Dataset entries

⁂

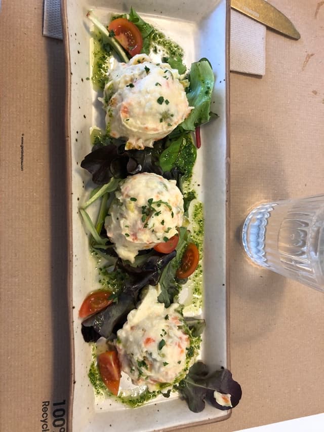 Ensaladilla rusa riquísima! Viene acompañada de tomates cherry asados que le dan un puntito muy bueno. El plato es sin gluten aunque, al ser un sitio pequeño, no pueden asegurar las trazas 😥 pero intentan tener cuidado para que no haya contaminación cruzada. El personal es muy amable y el local es pequeñito pero agradable.
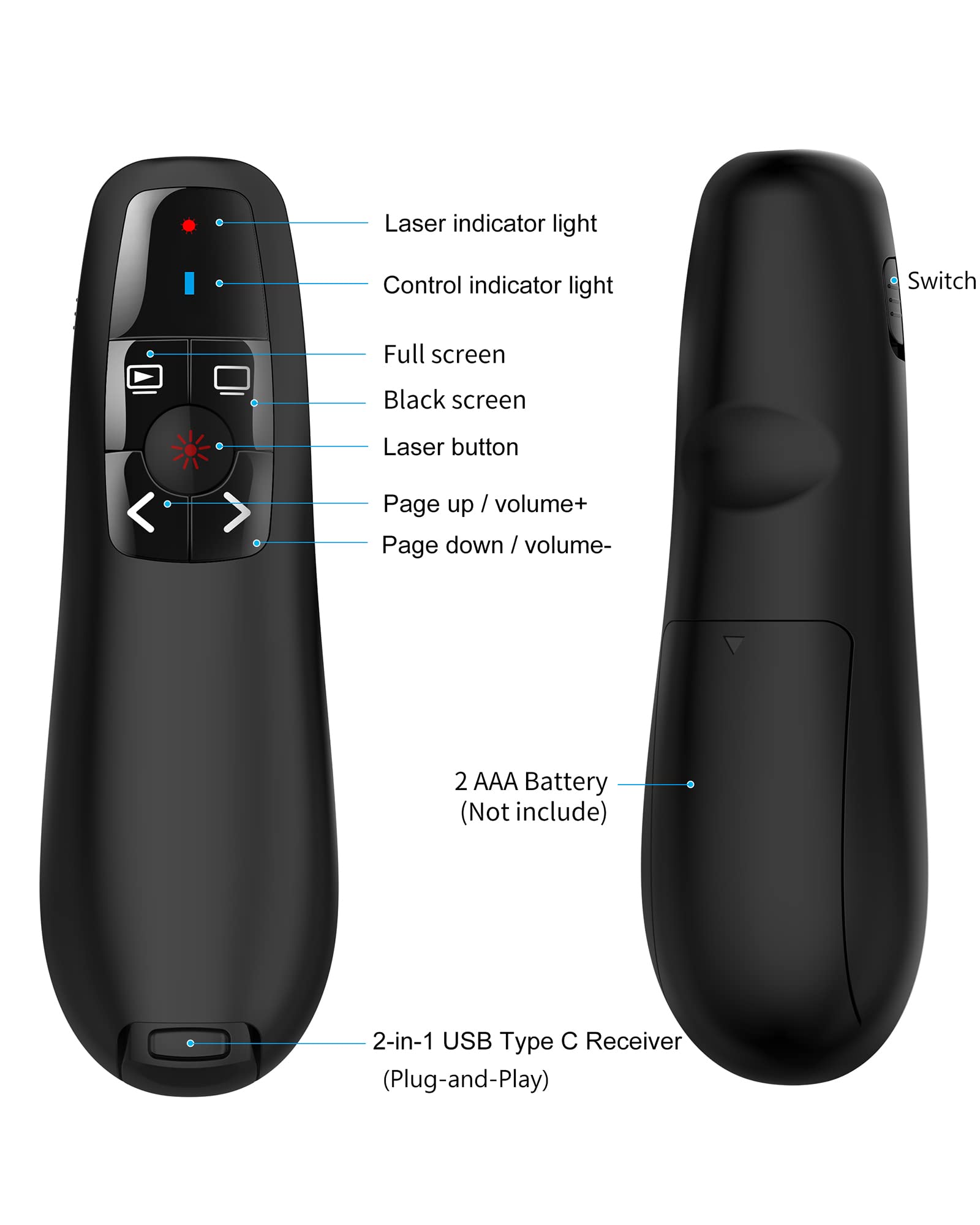 - Quick & Easy Set Up: Our presentation clicker runs on 2 AAA batteries (not included). The 2-in-1 USB Type C receiver plug-and-play, saves you from the trouble of downloading and installing any software or program.
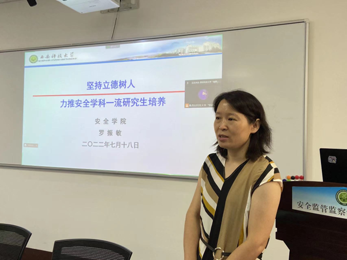 罗振敏作了《坚持立德树人,力推安全学科一流研究生培养》主题报告,详细介绍了学院的发展历程,展示了学院在学科建设、师资队伍、科学研究等方面所取得的骄人成绩,讲解了学院研究生培养的教育教学理念和定位、特色做法与成效等。
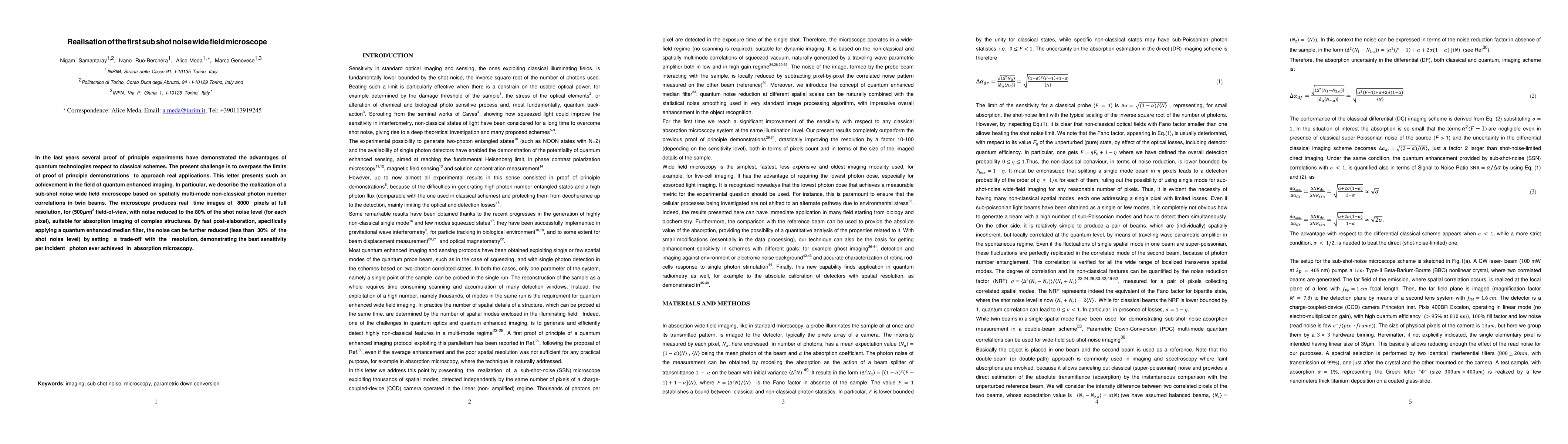 This paper reports the development of a sub-shot noise wide field microscope using twin beams and quantum enhanced imaging techniques, achieving a 80% reduction in noise level relative to shot noise for real-time imaging of complex structures, with further noise reduction to less than 30% through quantum enhanced median filtering.
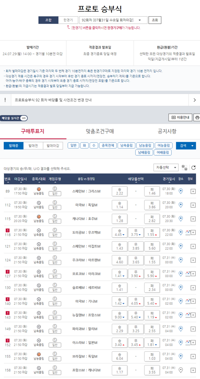 ‘2024 파리 올림픽’ 경기 중 프로토 승부식 92회차 상품에 포함된 대상 경기는 축구 7경기, 배구 4경기, 농구 3경기 등 총 14경기이며, 각 대상 경기별 일반, 핸디캡, 언더오버 등 다양한 유형의 47가지 게임이 스포츠팬들을 찾아간다.
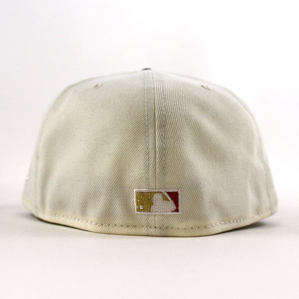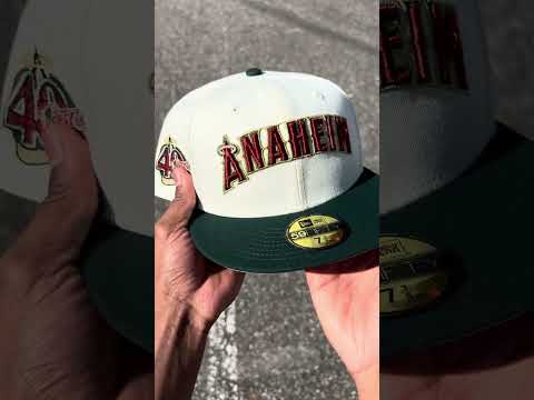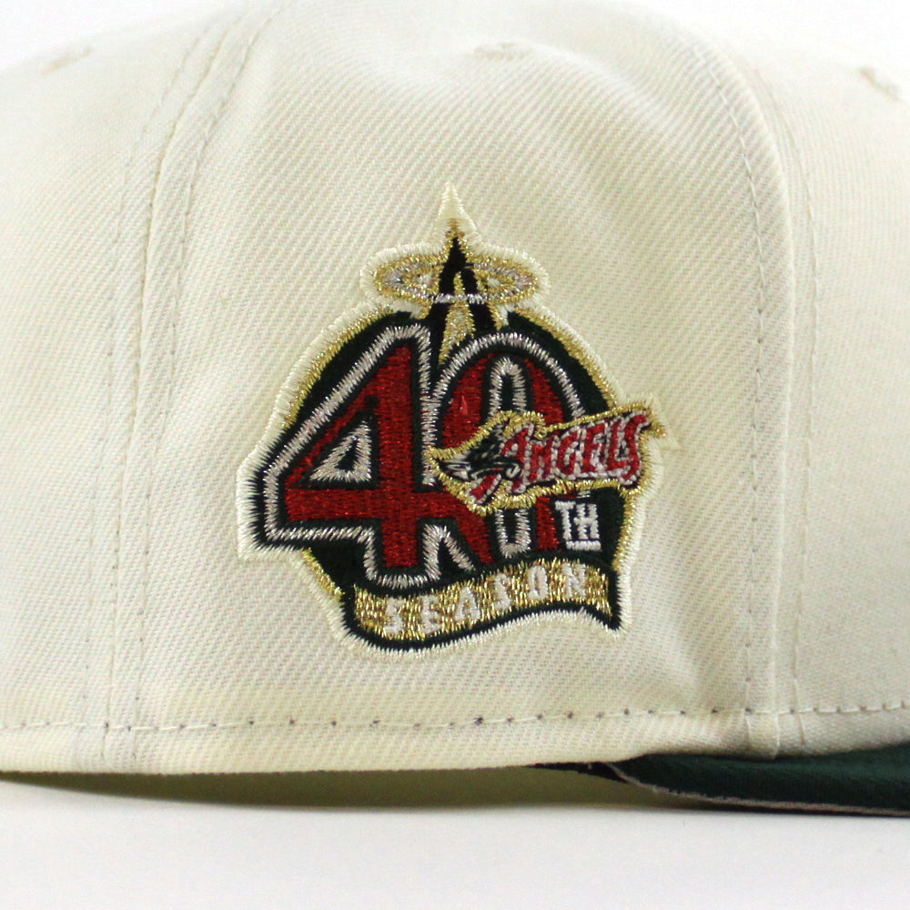 Anaheim Angels 40th Season New Era 59Fifty Fitted Cap in Chrome White, Green and Gray Under Brim.

⁂

● **WORK ITEM**
Copy only this, please: the line with "- Quick & Easy" and every line after it through the end of the data, with no pictures.

● **RESULT FOR THIS TASK**
 - Quick & Easy Set Up: Our presentation clicker runs on 2 AAA batteries (not included). The 2-in-1 USB Type C receiver plug-and-play, saves you from the trouble of downloading and installing any software or program.
 罗振敏作了《坚持立德树人,力推安全学科一流研究生培养》主题报告,详细介绍了学院的发展历程,展示了学院在学科建设、师资队伍、科学研究等方面所取得的骄人成绩,讲解了学院研究生培养的教育教学理念和定位、特色做法与成效等。
 This paper reports the development of a sub-shot noise wide field microscope using twin beams and quantum enhanced imaging techniques, achieving a 80% reduction in noise level relative to shot noise for real-time imaging of complex structures, with further noise reduction to less than 30% through quantum enhanced median filtering.
 ‘2024 파리 올림픽’ 경기 중 프로토 승부식 92회차 상품에 포함된 대상 경기는 축구 7경기, 배구 4경기, 농구 3경기 등 총 14경기이며, 각 대상 경기별 일반, 핸디캡, 언더오버 등 다양한 유형의 47가지 게임이 스포츠팬들을 찾아간다.
 Anaheim Angels 40th Season New Era 59Fifty Fitted Cap in Chrome White, Green and Gray Under Brim.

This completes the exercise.